Batch computing, stream computing, interactive computing, and graph computing are two major Big Data computing models. Among them, stream computing and batch computing are the two main big data computing modes, which are applicable to different big data application scenarios.
Streaming data (or data stream) refers to a series of dynamic data aggregates that are infinite in time distribution and quantity, and the value of the data decreases with the passage of time, so it must be calculated in real time to give a second response. Streaming computing, as the name suggests, is real-time computing that processes streams of data.
Batch computing, on the other hand, unifies the collection of data, stored in the database, and then batch processing of data data data computing. Mainly reflected in the following aspects:
1, data timeliness is different: streaming computing real-time, low latency, batch computing non-real-time, high latency.
2, data characteristics are different: streaming computing data is generally dynamic, no boundary, while the batch data is generally static data.
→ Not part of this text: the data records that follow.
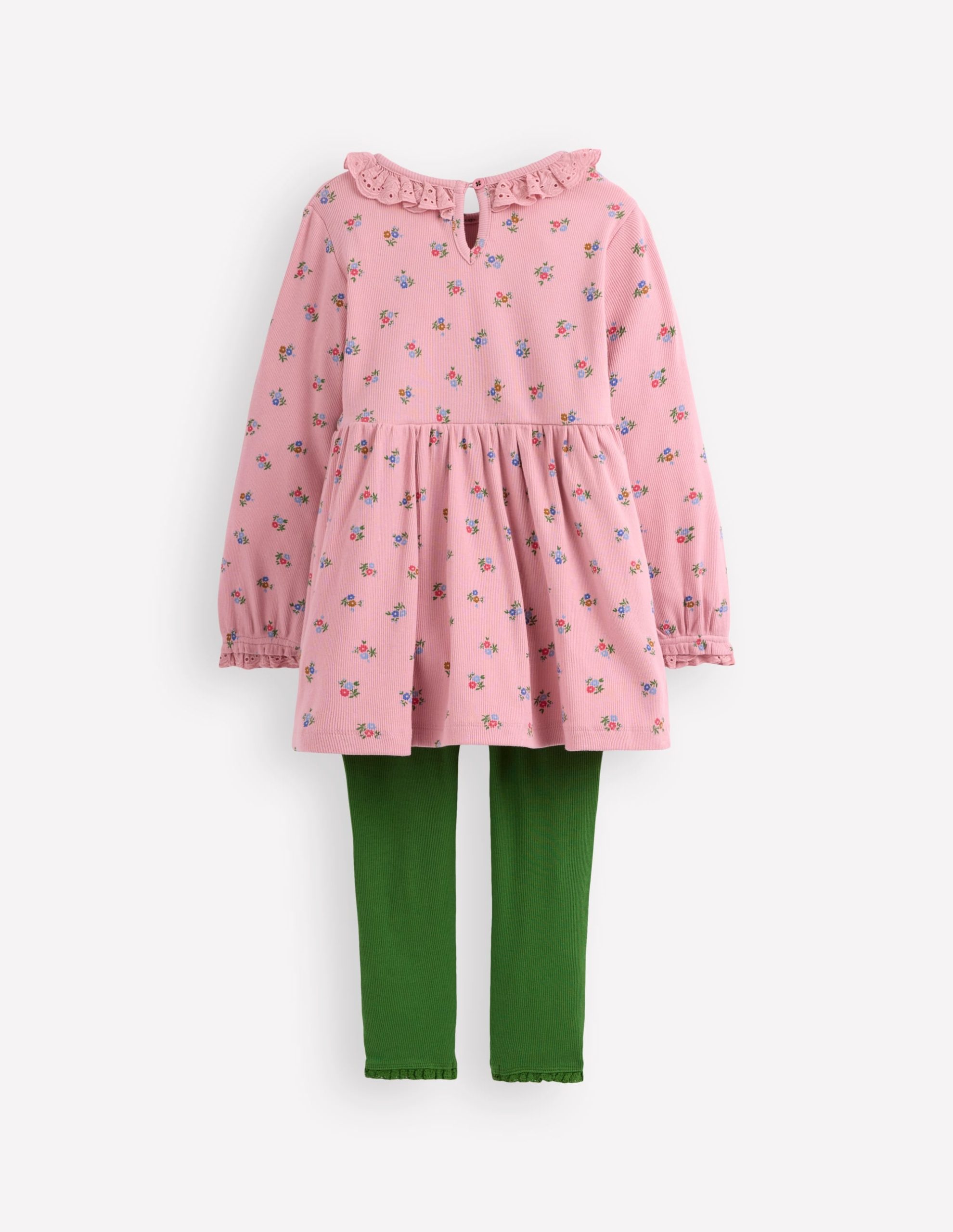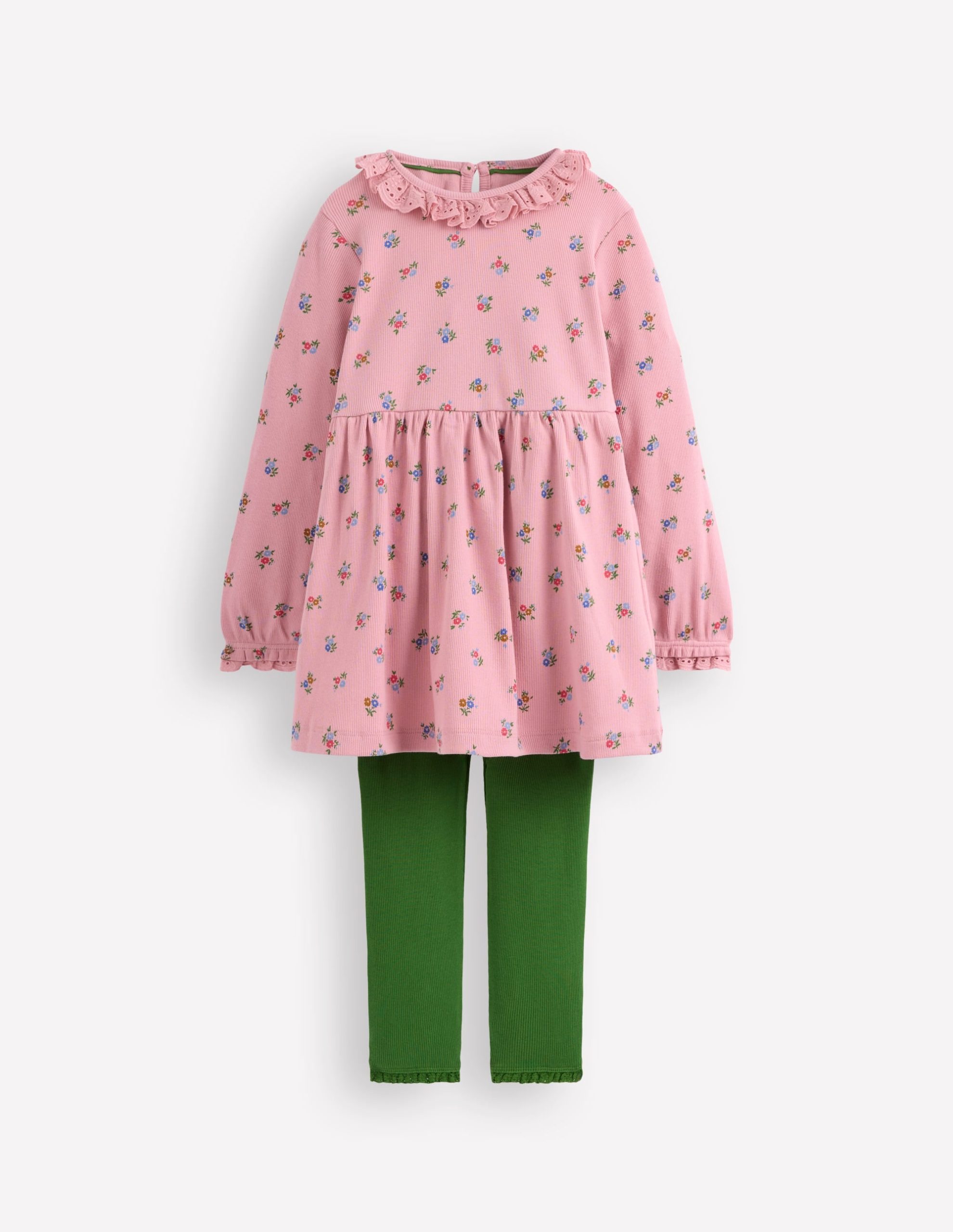 A ready-to-play outfit. hurray! This ribbed (A-line shaped) tunic and colourful leggings are spun from soft cotton with a little stretch and finished with broderie trim. Perfect for Minis on the move.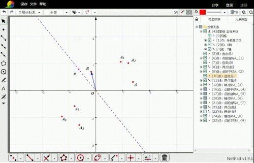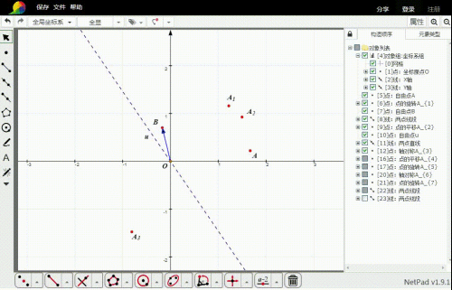 选择点A和直线u,再点击轴对称变换东西,就获得A关于u的对称点A3。
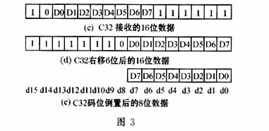 C32接收数据时,先读取接收数据寄存器,再进行移位、码位倒置处理。其操作步骤如下: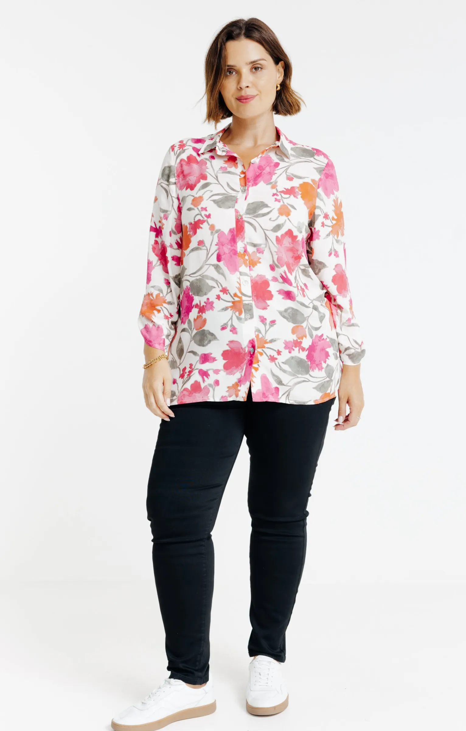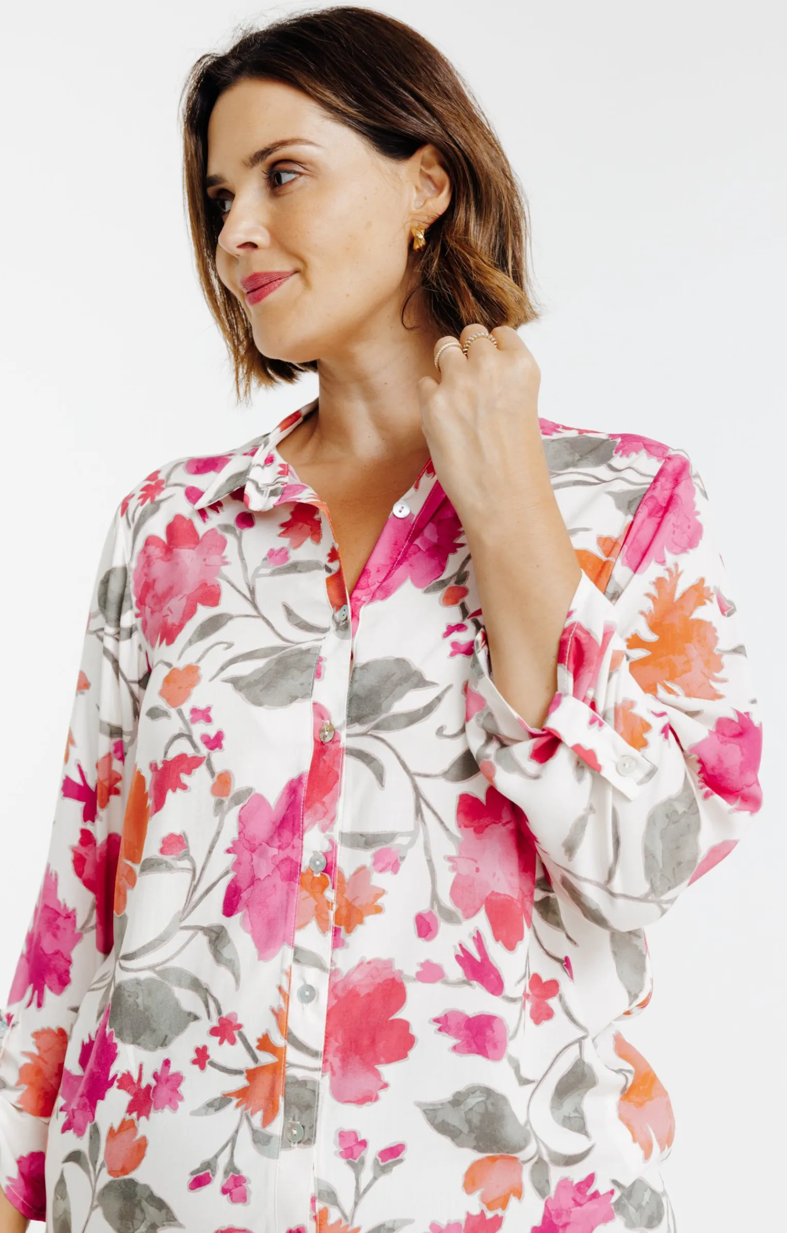 Chemisier imprimé à manches 3/4. Coupe droite. Col chemise classique. Fermeture boutonnée sur toute la longueur devant. Imprimé floral multicolore sur l’ensemble du modèle. Base droite avec fentes latérales discrètes. Poignets boutonnés avec patte de retroussage. Notre mannequin Rafa mesure 1m75 et porte une chemise taille 1.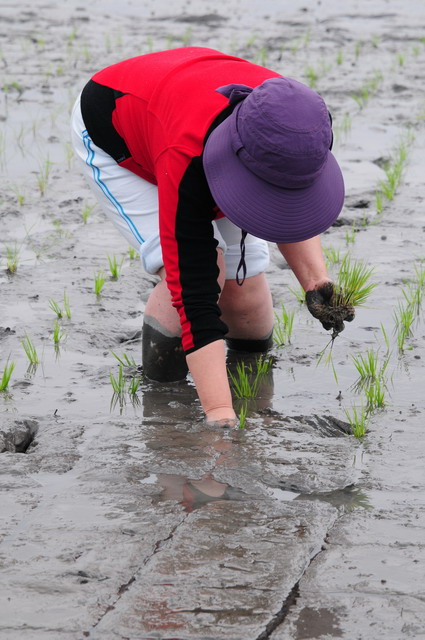 老農師傅不時的在一旁指導眾人插秧的動作。插好一橫排,後退一小步再插一橫排,一直到插滿為止。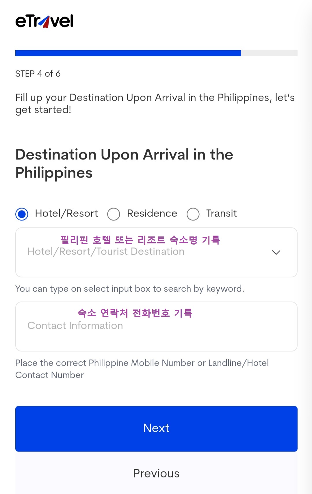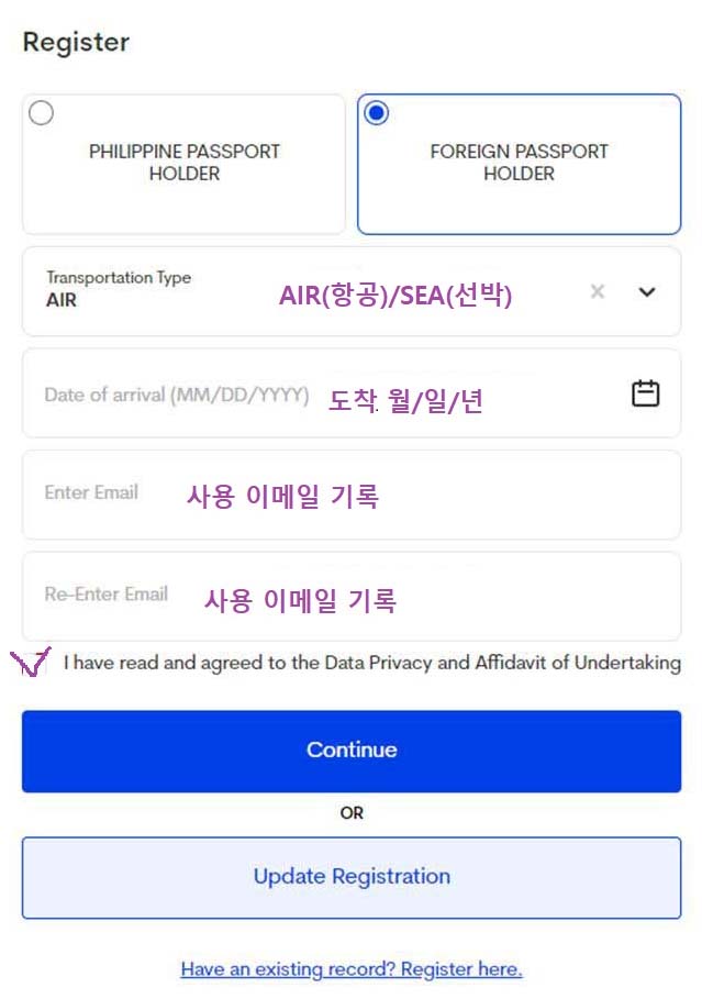 ▶필리핀 도착 전 3~4일 이내 e트래블카드를 작성해야 합니다.
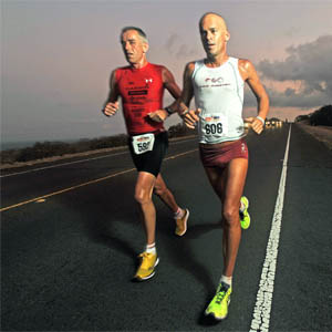 In addition to the main players, Gourley brings many other members of the Ultraman family to life, especially the mobile support crews – a throwback to the early years of Ironman – who serve as tacticians, massage artists, fast-food and water dispensers, pace runners, psychologists and triage medics. He devotes in depth portraits of Ultraman staff including Sheryl Cobb and her husband Dave and also Canadian race director [and now rival ultra promoter] Steve Brown. He offers vivid looks at Ironman professional Hillary Biscay, three-time Ultraman winner and full time nurse Amber Monforte, Brazilian six-time champion Alexandre Ribeiro, long-time Ultraman characters Cory Foulk and Cowman, as well as remarkable 58-year-old Kurt Madden, who was right in the mix in the 2013 race, 30 years after winning the very first Ultraman. Best of all, Gourley gives equal play to the modestly gifted athletes and their dramatic physical and emotional struggles to fulfill their Ultraman dreams. After all, Curtis Tyler's hard earned vision was not about conquering the Ultraman, but about sharing the simpler graces.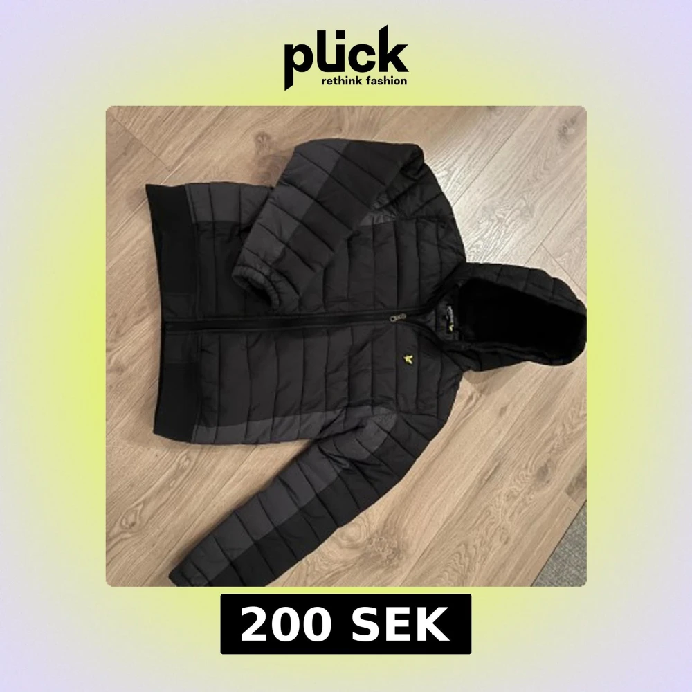 Säljer en svart pufferjacka från Lyle & Scott med dragkedja och en gul logotyp på bröstet. Jackan har långa ärmar och är perfekt för kyligare väder. Den är designad i Storbritannien och passar ungdomar i åldern 14-15 år.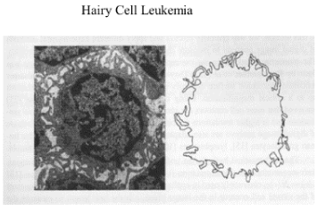 Figure 5. Electron microscopy view of an element isolated from blood with Hairy-cell leukemia, a chronic type of leukemia. A significant elevated fractal dimension of FD 1.32 characterized its membrane surface with a highly convoluted profile. Magnification 18400 X. Reproduced from Losa GA, Baumann G, Nonnenmacher Th F (1992) Path Res Pract 188: 680-86.
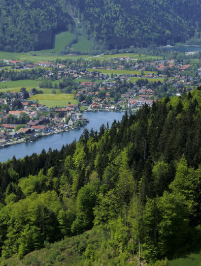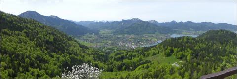 Unwirklich der Blick vom Riedersteinfelsen hinunter nach Rottach-Egern. Die Häuser gestochen scharf. Davor ein Feuerwerk aus Grün. Hier oben nichts los, auch unterwegs nur wenige Wanderer. Weiter zur Baumgartenschneid hoch. Dort rechnete ich mit ein paar mehr Leuten. Denkste! Wie schon auf der Bodenschneid nur eine Dame. Sie strahlt Ruhe und Zufriedenheit aus, und Souverenität, vor allem aber kennt sie hier jeden Berg und Pfad. Ich schätze sie auf über siebzig. Wir kommen ins Gespräch. Letzte Woche war sie auf der Brecherspitz. Welch Zufall! Zu Hause liegt ein Wanderführer mit einem Lesezeichen genau für diese Tour auf dem Tisch, eine Rundtour. Aber: da las ich etwas von einem Drahtseil und einem langen Grat, dem Westgrat, und der Gedanke daran ließ mich erblassen. "Na ja", meinte sie, "am Seil entlang geht es ca. 20 Minuten, aber der Weg ist soweit ok". Sie traf oben wohl ein Ehepaar, wo der Mann auf die Frau schimpfte, weil sie ihm davon nichts gesagt hatte, worauf die Frau meinte, war doch schön! Wir plauderten und plauderten, und zuletzt fragte ich sie noch, wo sie herkommt. "Aus dem Allgäu, ich mache hier Urlaub". Die Frage, die ich ihr dann stellte, hätte ihr jeder gestellt, und ich war auch nicht erste. Sie grinste. Wie lange sie denn noch bliebe. "Bis nach Pfingsten - und wenn es mir dann zu Hause nicht gefällt, dann komme ich wieder hierher. Im Allgäu läge noch zu viel Schnee. Eine Tote hat es auch schon gegeben, am Säuling, eine besonders schlaue Frau aus Baden-Württemberg." Mögen die Allgäuer etwa die anderen BWler nicht? Jedenfalls trafen sich auf der Baumgartenschneid heute zwei, die diese Gegend in ihr Herz geschlossen haben.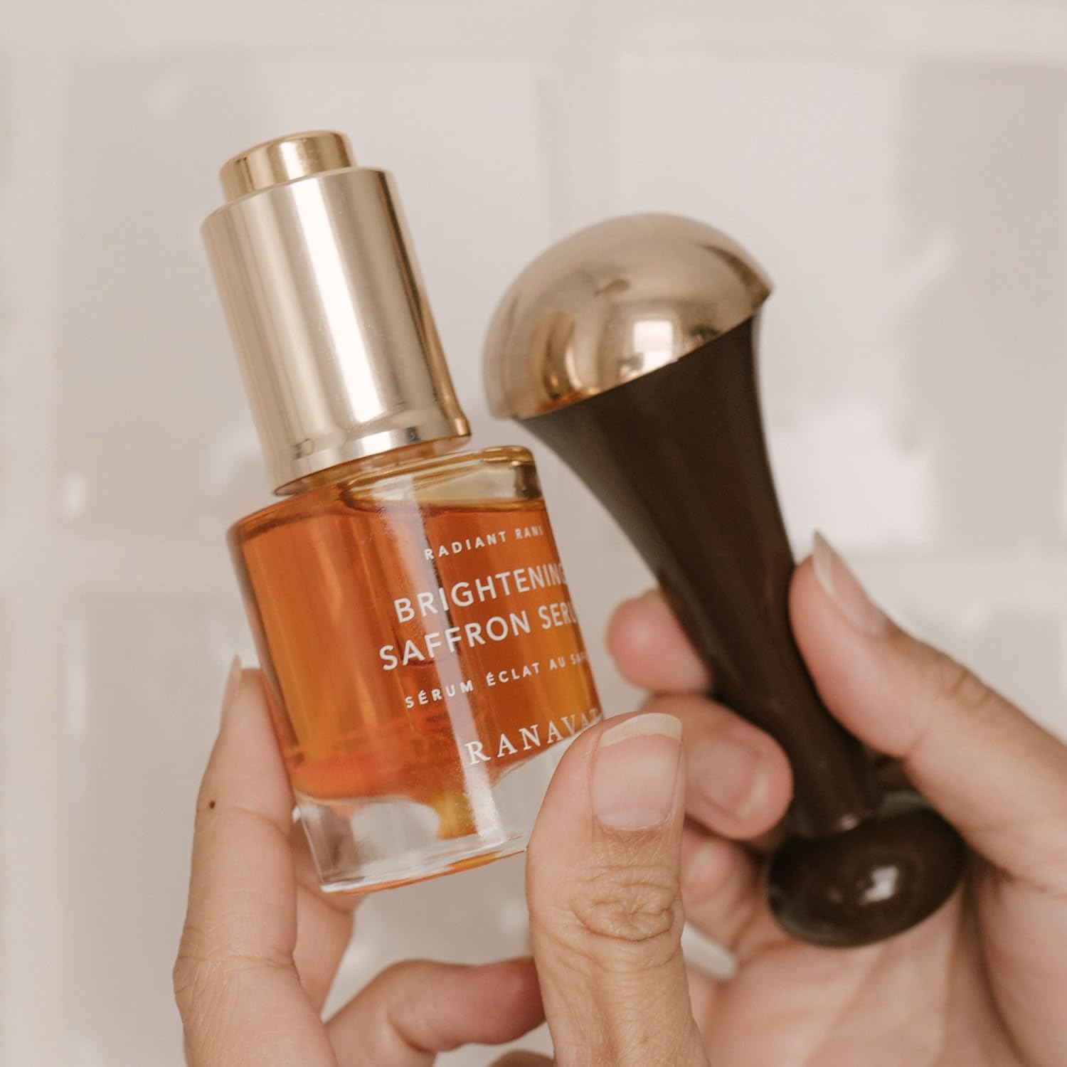 RANAVAT Radiant & Re-Energizing Skincare Duo - Brightening Saffron Serum & Kansa Wand Facial Massage Tool to Tone, Lift, & Improve Appearance of Dark Spots (2 Pieces)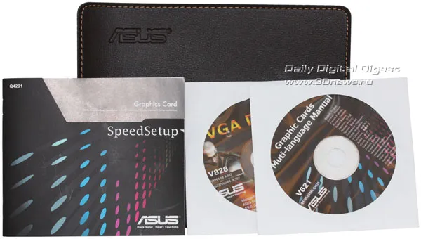В комплекте ASUS EAH4890 есть все, что необходимо пользователю для решения любых задач, на которые рассчитана эта видеокарта. Кроме того, производитель вложил в комплект небольшой бонус - коврик для мыши c фирменным логотипом ASUS.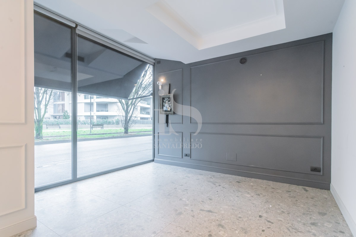 . Pavimentazione continua in lastre effetto ceppo lombardo, resistente, durevole e coerente con un uso commerciale . Pareti rifinite con boiserie e pannellature decorative, integrate nei pilastri e nelle superfici verticali, che conferiscono ritmo e ordine allo spazio . Controsoffitto architettonico con gole per illuminazione indiretta e integrazione ordinata degli impianti . Vetrate continue a tutta altezza fronte strada, che garantiscono elevata luminosità naturale e forte visibilità . Serramenti in profilo scuro, dal disegno contemporaneo e pulito . Servizio igienico rifinito con rivestimenti effetto pietra, top coordinato, lavabo integrato e sanitari sospesi Ogni ambiente, inclusi i servizi, è trattato con lo stesso livello qualitativo.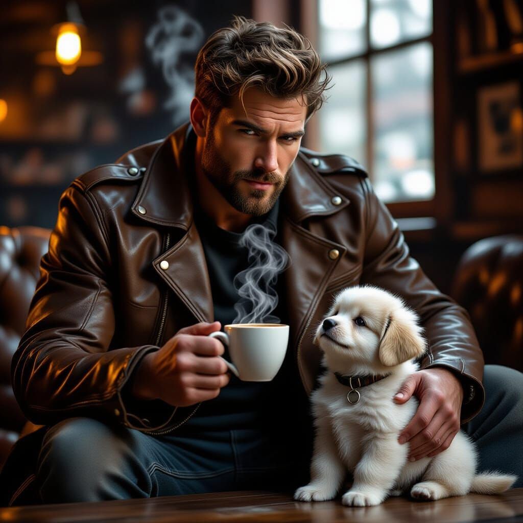 This image shows a rugged man in a leather jacket holding coffee, with a fluffy puppy at his feet. The cozy, ultra-realistic scene blends masculine energy with innocence.

3, application scenarios are different: streaming computing is used in real-time scenarios, the timeliness of the requirements of the higher scenarios, such as real-time recommendations, business monitoring... Batch computing is generally said to be batch processing, applied in real-time requirements are not high, offline computing scenarios, data analysis, offline reports and so on.
4. The way of operation is different, the task of streaming computing is ongoing, while the task of batch computing is completed at once.